Helliwell John R
Department of Chemistry, University of Manchester, Manchester M13 9PL, United Kingdom.
Struct Dyn. 2019 Oct 25;6(5):054306. doi: 10.1063/1.5124439. eCollection 2019 Sep.
A publication is an important narrative of the work done and interpretations made by researchers securing a scientific discovery. As The Royal Society neatly states though, "Nullius in verba" ("Take nobody's word for it"), whereby the role of the underpinning data is paramount. Therefore, the objectivity that preserving that data within the article provides is due to readers being able to check the calculation decisions of the authors. But how to achieve full data archiving? This is the raw data archiving challenge, in size and need for correct metadata. Processed diffraction data and final derived molecular coordinates archiving in crystallography have achieved an exemplary state of the art relative to most fields. One can credit IUCr with developing exemplary peer review procedures, of narrative, underpinning structure factors and coordinate data and validation report, through its checkcif development and submission system introduced for Acta Cryst. C and subsequently developed for its other chemistry journals. The crystallographic databases likewise have achieved amazing success and sustainability these last 50 years or so. The wider science data scene is celebrating the FAIR data accord, namely, that data be Findable, Accessible, Interoperable, and Reusable [Wilkinson ., "Comment: The FAIR guiding principles for scientific data management and stewardship," Sci. Data , 160018 (2016)]. Some social scientists also emphasize more than FAIR being needed, the data should be "FACT," which is an acronym meaning Fair, Accurate, Confidential, and Transparent [van der Aalst ., "Responsible data science," Bus Inf. Syst. Eng. (5), 311-313 (2017)], this being the issue of ensuring reproducibility not just reusability. (Confidentiality of data not likely being relevant to our data obviously.) Acta Cryst. B, C, E, and IUCrData are the closest I know to being both FACT and FAIR where I repeat for due emphasis: the narrative, the automatic "general" validation checks, and the underpinning data are checked thoroughly by subject specialists (i.e., the specialist referees).

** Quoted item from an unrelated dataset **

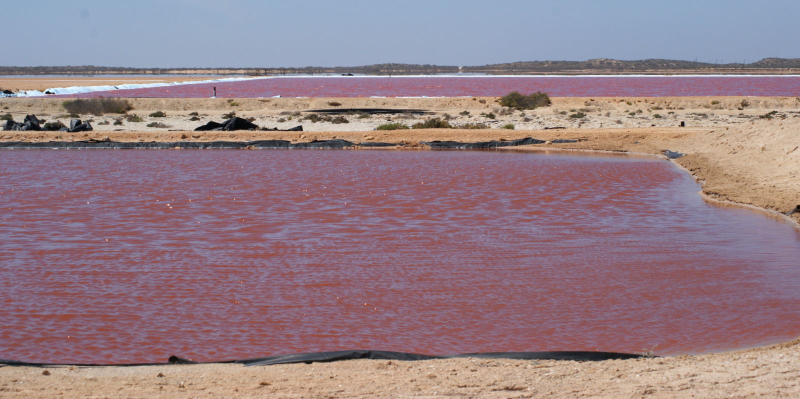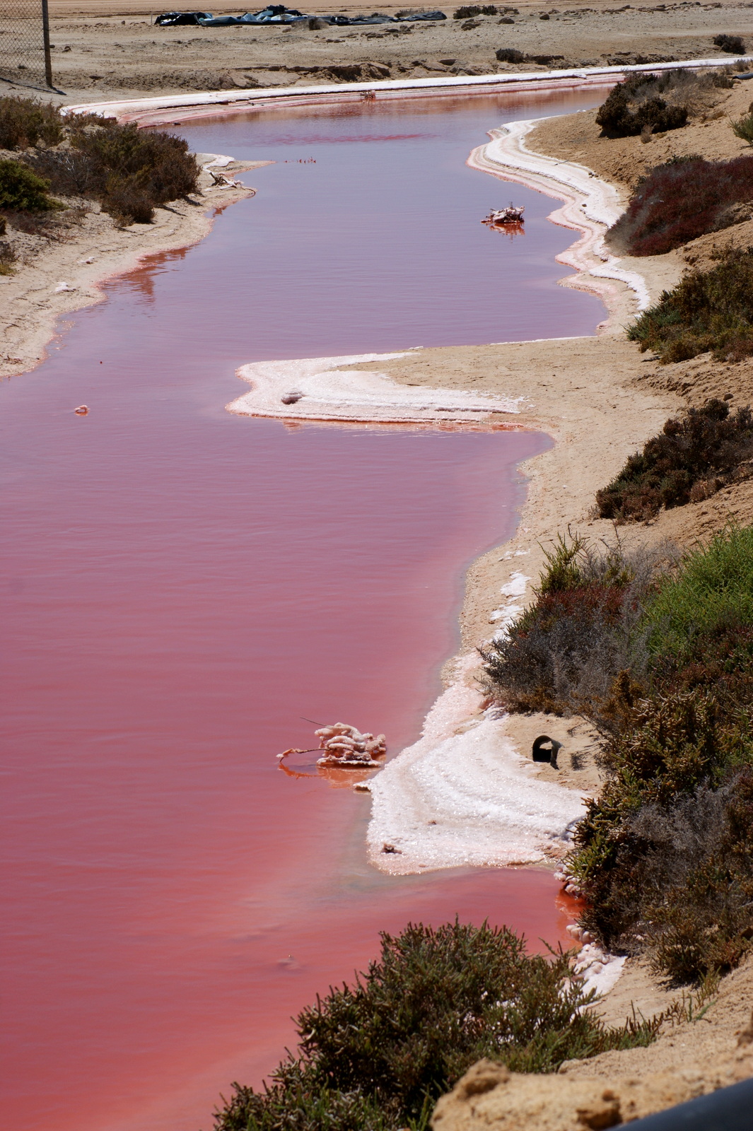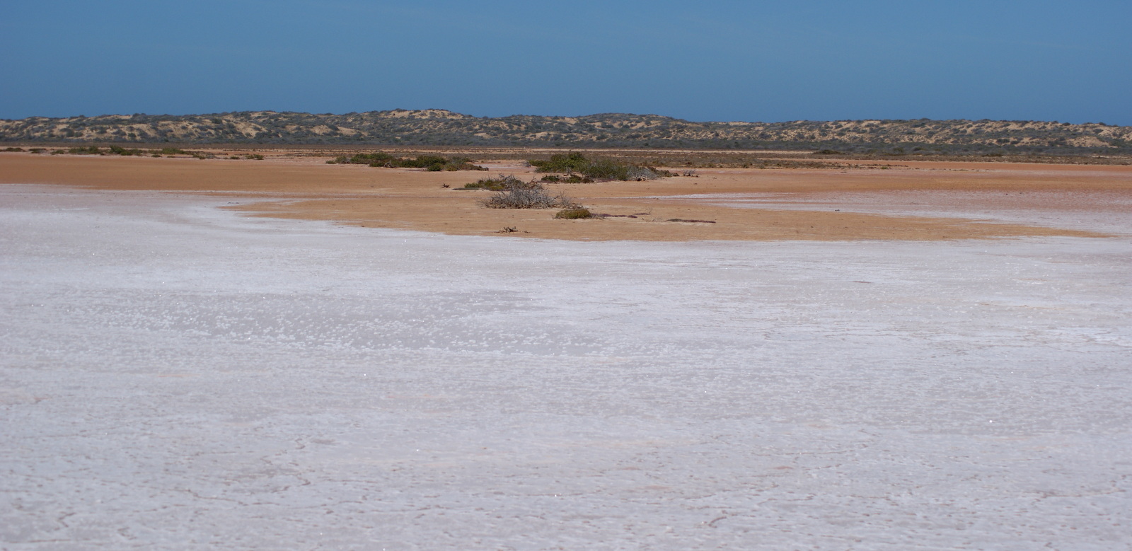 A mi-chemin de la route bitumée jusqu’aux Blowholes, on commence à longer les marais salants du Lake Macleod… Du rose, du bleu, du vert, du blanc… c’est un véritable arc-en-ciel de couleurs !!!

IUCr Journals are also the best that I know of for encouraging and then expediting the citation of the DOI for a raw diffraction dataset in a publication; examples can be found in IUCrJ, Acta Cryst D, and Acta Cryst F. The wish for a checkcif for raw diffraction data has been championed by the IUCr Diffraction Data Deposition Working Group and its successor, the IUCr Committee on Data.
出版物是对获得科学发现的研究人员所做工作及解释的重要叙述。然而,正如英国皇家学会简洁表述的那样,“Nullius in verba”(“不要轻信任何人的话”),由此可见基础数据的作用至关重要。因此,在文章中保留这些数据所提供的客观性,是因为读者能够核查作者的计算决策。但如何实现完整的数据存档呢?这就是原始数据存档面临的挑战,包括数据量以及对正确元数据的需求。相对于大多数领域而言,晶体学中处理后的衍射数据和最终推导的分子坐标存档已达到堪称典范的先进水平。国际晶体学联盟(IUCr)通过为《晶体学报》C辑引入并随后为其其他化学期刊开发的checkcif开发与提交系统,在制定关于叙述、支撑结构因子、坐标数据及验证报告的典范同行评审程序方面值得称赞。在过去约50年里,晶体学数据库同样取得了惊人的成功并具备可持续性。更广泛的科学数据领域正在倡导“FAIR数据准则”,即数据应具备可查找、可访问、可互操作和可重用性[威尔金森等人,“评论:科学数据管理与 stewardship的FAIR指导原则”,《科学数据》,160018(2016)]。一些社会科学家还强调,除了FAIR准则外,数据还应“FACT”,这是一个首字母缩写词,意为公平、准确、保密和透明[范德阿尔斯特等人,“负责任的数据科学”,《商业信息系统工程》(5),311 - 313(2017)],这涉及确保可重复性而非仅仅是可重用性的问题。(显然,数据的保密性对我们的数据而言不太可能相关。)《晶体学报》B辑.C辑、E辑以及IUCrData是我所知最接近同时满足FACT和FAIR准则的,在此我再次着重强调:叙述内容以及自动的“通用”验证检查和基础数据都由专业领域专家(即专业审稿人)进行了全面核查。IUCr旗下的期刊也是我所知在鼓励并加快在出版物中引用原始衍射数据集的数字对象标识符(DOI)方面做得最好的;在《IUCrJ》《晶体学报》D辑和《晶体学报》F辑中都能找到相关示例。对原始衍射数据进行checkcif检查的愿望一直由IUCr衍射数据存档工作组及其继任者IUCr数据委员会倡导推动。